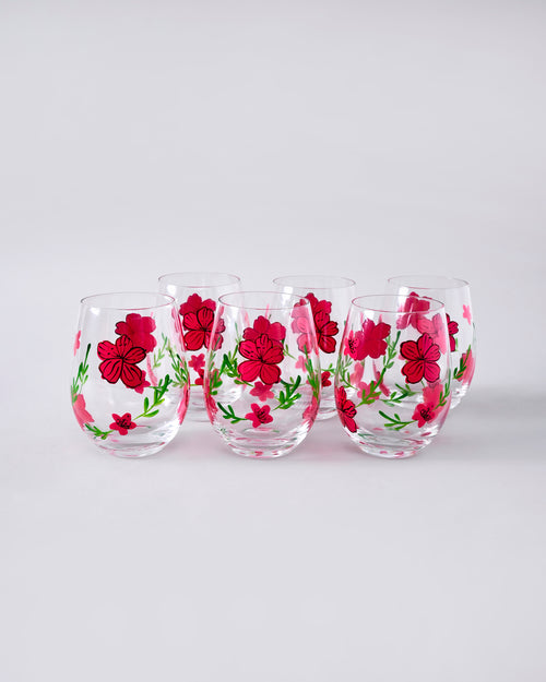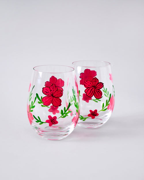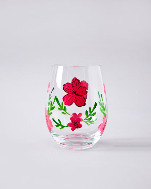 A beautifully crafted glass featuring elegant hand-painted floral patterns that add a refreshing charm to any setting. Its smooth, curved silhouette offers a comfortable grip while showcasing intricate artwork that brings a touch of nature and sophistication to your table décor perfect for everyday use or special occasions.
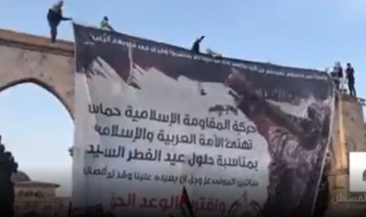 בשלט הגדול שנתלה במתחם הר הבית אחרי תפילת החג נכתב: "חמאס מברך את האומה הערבית והאסלאמית לרגל חג אל פיטר". ברקע נראה איש הזרוע הצבאית של הארגון עם נשק
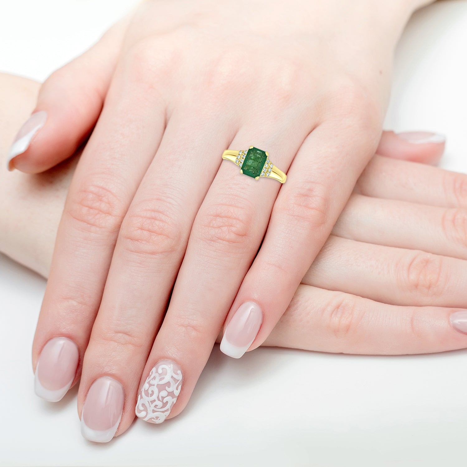 The stunning square cut of this Tourmaline ring is crafted with care to give it fabulous luster. Enhanced further by perfectly rounded diamonds, this phenomenal combination creates glowing jewelry that you will never want to take off. Set in 14K yellow gold, wear this exquisite ring to any event and be the star, shining brightest.
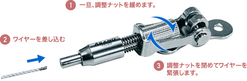 アジャストタイプ。フィックスタイプにワイヤーの張り具合を調整できる機能を設けたタイプ。
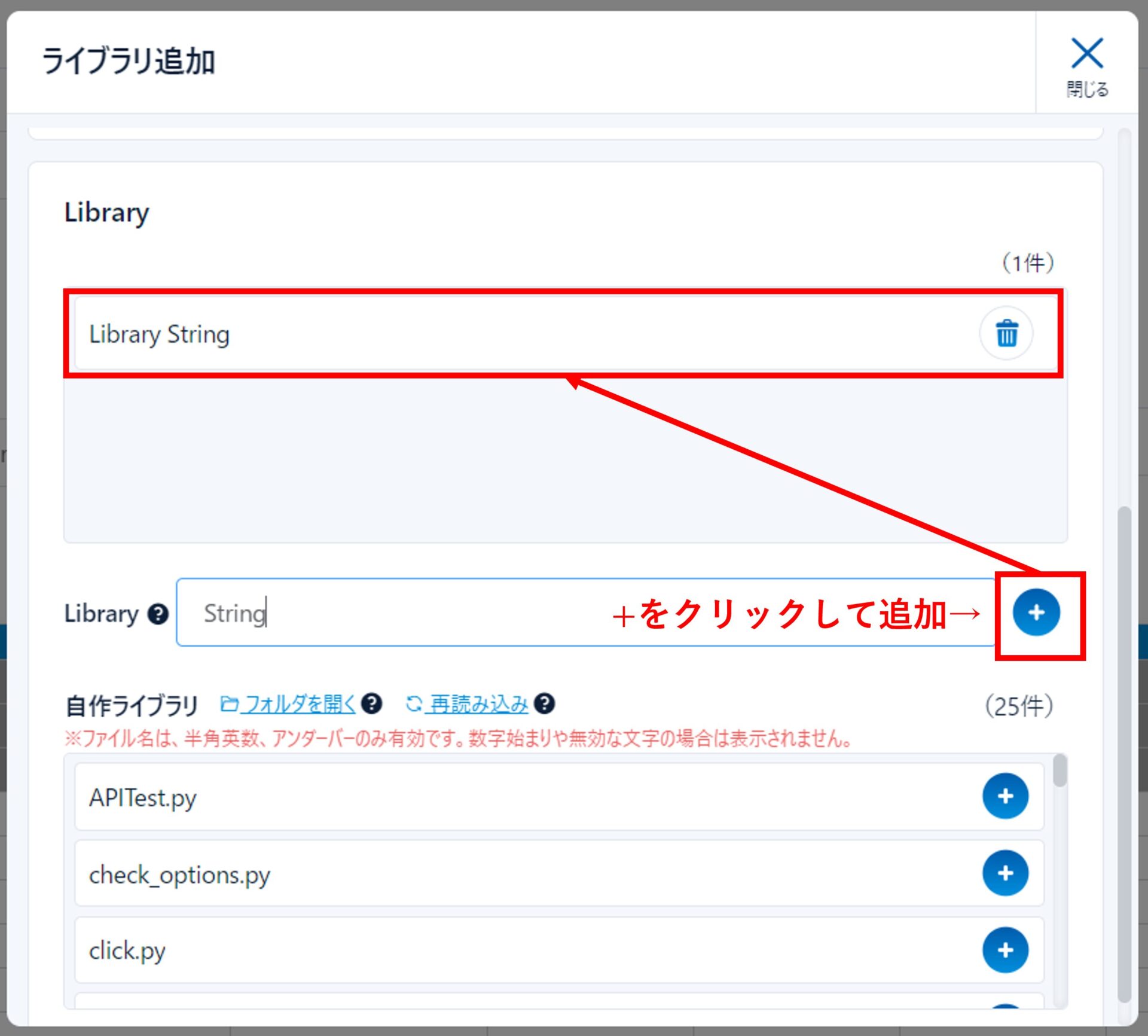 「+ライブラリを追加する」をクリックして、「Library」欄にStringと記載し、最後に「+」をクリックして追加します。
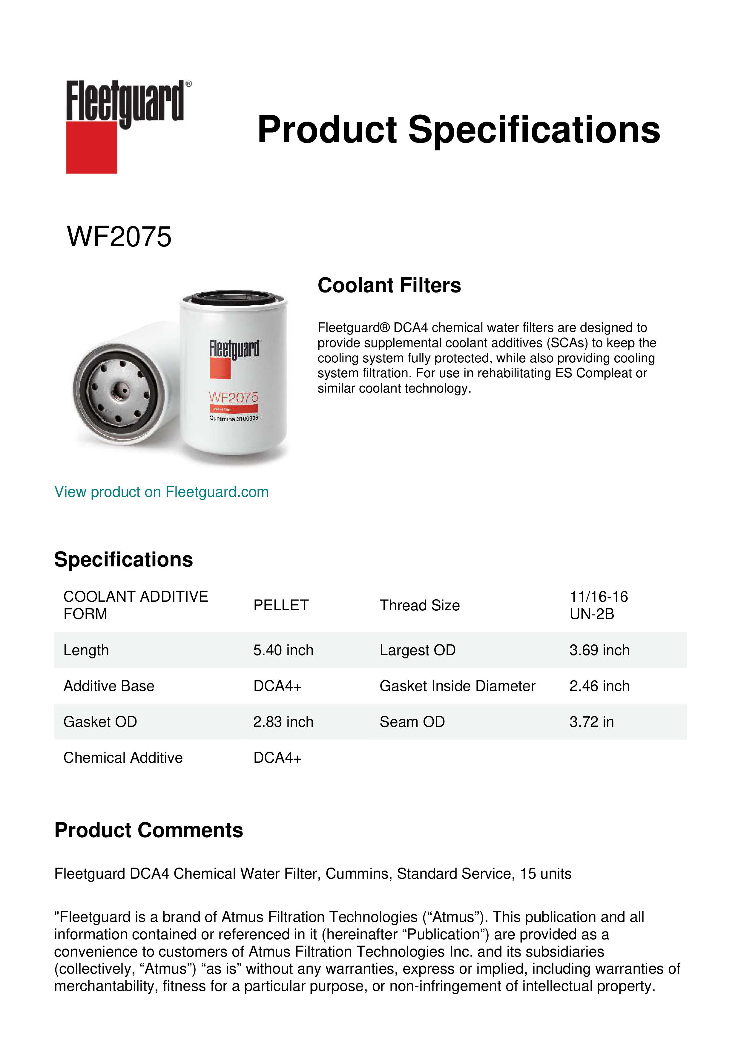 Choose Fleetguard® WF2075 DCA4 water filters with chemicals for coolant system protection that provides filtration and additive reinhibition. DCA4 water filters are designed for use with ES Compleat or similar coolant technology.Specification
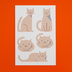 シンプルな猫イラストをアイロン転写シールに印刷しました。 必要な部分をはさみで切り取り、Tシャツやトートバッグなど、布製のものにアイロンを使って貼り付けてください。 貼り付けると、写真の状態とは左右反転します。 印刷がない部分は透明です。 シンプルな線で描いた猫のイラスト4種・5点をアイロン転写シールに印刷しました。 絵柄のサイズ 長辺43〜74mm 【素材】 アイロン転写シール(インクジェットプリンタ用) 白色・薄色生地用 【サイズ】 はがきサイズ(幅100×高さ148mm) 【購入の際の注意点】 市販のインクジェットプリンタを使って印刷しているので、精密さに欠けるところがあります。あらかじめご了承ください。 使用できる布は綿100%および綿とポリエステル混紡(綿50%以上)。高温のアイロンがけできない生地には使用になれません。 厚手の生地、縫い目や段差のあるところはおすすめできません。 Tシャツの場合は転写を行う前に柔軟剤なしで洗濯を行ってください。 目の粗い布地の場合、転写の仕上がりにムラができることがありますのでご注意ください。
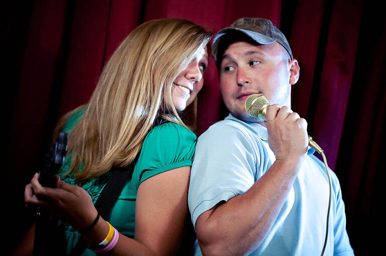So we went to a Comedy Club for Matt + Shelley’s engagement session. hahahha. No we didn’t. This is actually in my studio. We set it up to “look” like a stage with all the funky lights too. Even though we were “pretending” Matt really sang for us! 🙂
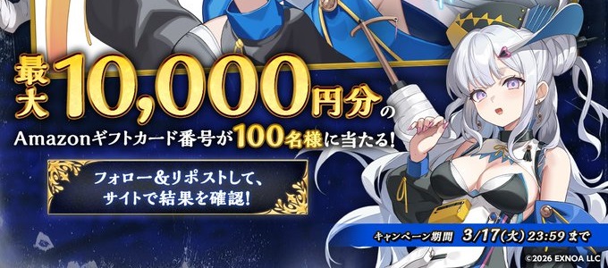 賞品:Amazonギフト券最大10,000円分(100名様)
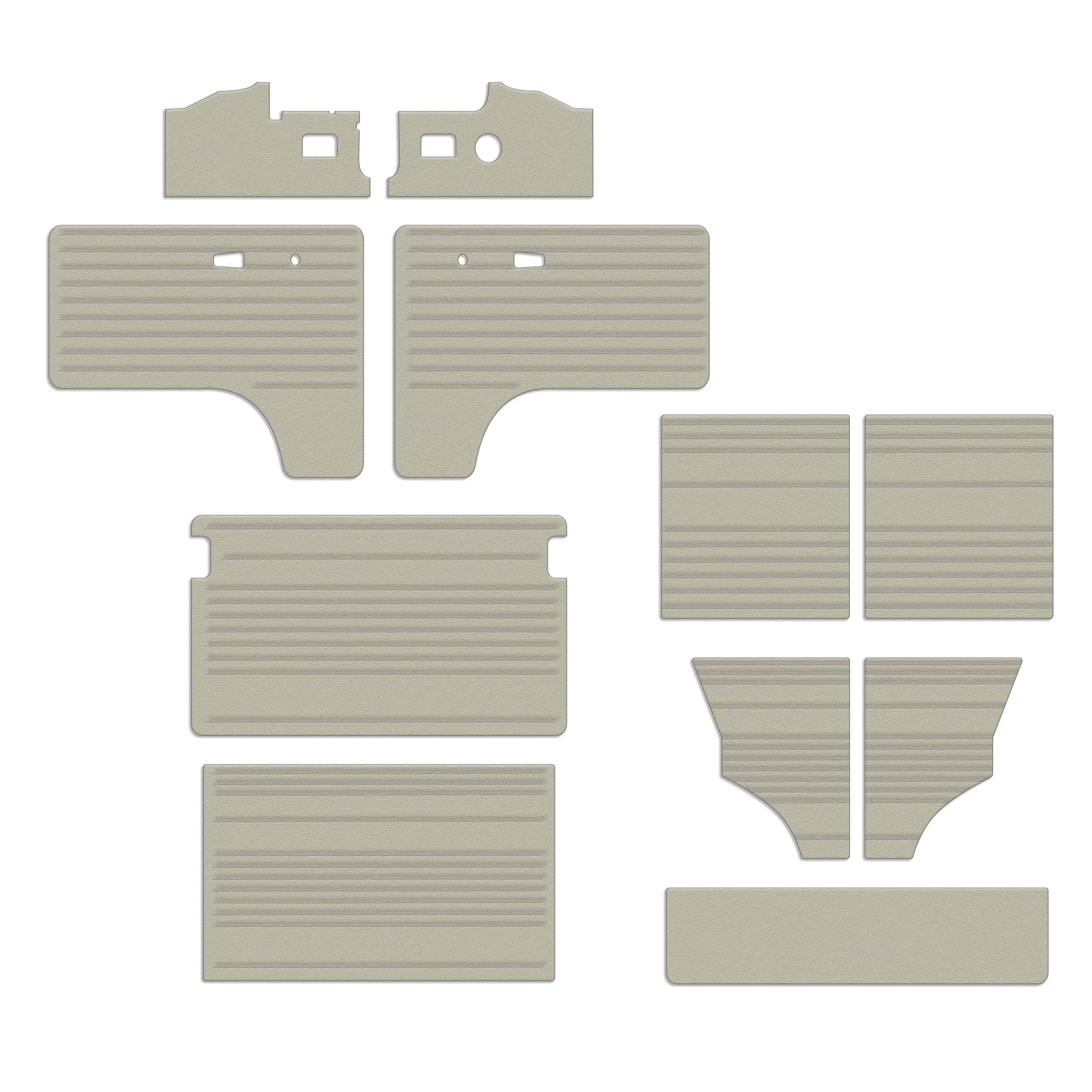 These Bus/Transporter 1968-1970 Vinyl door panels come as a full set of panels, 11 pieces total. The 11 pieces included are front, kick panels, sliding door, rear hatch, behind front seat, panel across sliding door, and rear quarter panels. These high quality door panels produced by TMI feature heat-seam patterns and thick Masonite board pre-cut for door panel clips to provide durability while making installation painless. They are available in the following colors: black, brown, tan, beige, off-white, grey, red, saddle, blue, bright white, charcoal, cream white, dark green, chalk white, and bright red. Our door panel material is the same as the seat upholstery so you can be assured of a matching interior. Door panel clips and seals are NOT included but can be added in the drop down menu above.

- _What to work on_:
Without the pictures, copy the material exactly as given.

- _Answer to this task_:
 A beautifully crafted glass featuring elegant hand-painted floral patterns that add a refreshing charm to any setting. Its smooth, curved silhouette offers a comfortable grip while showcasing intricate artwork that brings a touch of nature and sophistication to your table décor perfect for everyday use or special occasions.
 בשלט הגדול שנתלה במתחם הר הבית אחרי תפילת החג נכתב: "חמאס מברך את האומה הערבית והאסלאמית לרגל חג אל פיטר". ברקע נראה איש הזרוע הצבאית של הארגון עם נשק
 The stunning square cut of this Tourmaline ring is crafted with care to give it fabulous luster. Enhanced further by perfectly rounded diamonds, this phenomenal combination creates glowing jewelry that you will never want to take off. Set in 14K yellow gold, wear this exquisite ring to any event and be the star, shining brightest.
 アジャストタイプ。フィックスタイプにワイヤーの張り具合を調整できる機能を設けたタイプ。
 「+ライブラリを追加する」をクリックして、「Library」欄にStringと記載し、最後に「+」をクリックして追加します。
 Choose Fleetguard® WF2075 DCA4 water filters with chemicals for coolant system protection that provides filtration and additive reinhibition. DCA4 water filters are designed for use with ES Compleat or similar coolant technology.Specification
 シンプルな猫イラストをアイロン転写シールに印刷しました。 必要な部分をはさみで切り取り、Tシャツやトートバッグなど、布製のものにアイロンを使って貼り付けてください。 貼り付けると、写真の状態とは左右反転します。 印刷がない部分は透明です。 シンプルな線で描いた猫のイラスト4種・5点をアイロン転写シールに印刷しました。 絵柄のサイズ 長辺43〜74mm 【素材】 アイロン転写シール(インクジェットプリンタ用) 白色・薄色生地用 【サイズ】 はがきサイズ(幅100×高さ148mm) 【購入の際の注意点】 市販のインクジェットプリンタを使って印刷しているので、精密さに欠けるところがあります。あらかじめご了承ください。 使用できる布は綿100%および綿とポリエステル混紡(綿50%以上)。高温のアイロンがけできない生地には使用になれません。 厚手の生地、縫い目や段差のあるところはおすすめできません。 Tシャツの場合は転写を行う前に柔軟剤なしで洗濯を行ってください。 目の粗い布地の場合、転写の仕上がりにムラができることがありますのでご注意ください。
So we went to a Comedy Club for Matt + Shelley’s engagement session. hahahha. No we didn’t. This is actually in my studio. We set it up to “look” like a stage with all the funky lights too. Even though we were “pretending” Matt really sang for us! 🙂
 賞品:Amazonギフト券最大10,000円分(100名様)
 These Bus/Transporter 1968-1970 Vinyl door panels come as a full set of panels, 11 pieces total. The 11 pieces included are front, kick panels, sliding door, rear hatch, behind front seat, panel across sliding door, and rear quarter panels. These high quality door panels produced by TMI feature heat-seam patterns and thick Masonite board pre-cut for door panel clips to provide durability while making installation painless. They are available in the following colors: black, brown, tan, beige, off-white, grey, red, saddle, blue, bright white, charcoal, cream white, dark green, chalk white, and bright red. Our door panel material is the same as the seat upholstery so you can be assured of a matching interior. Door panel clips and seals are NOT included but can be added in the drop down menu above.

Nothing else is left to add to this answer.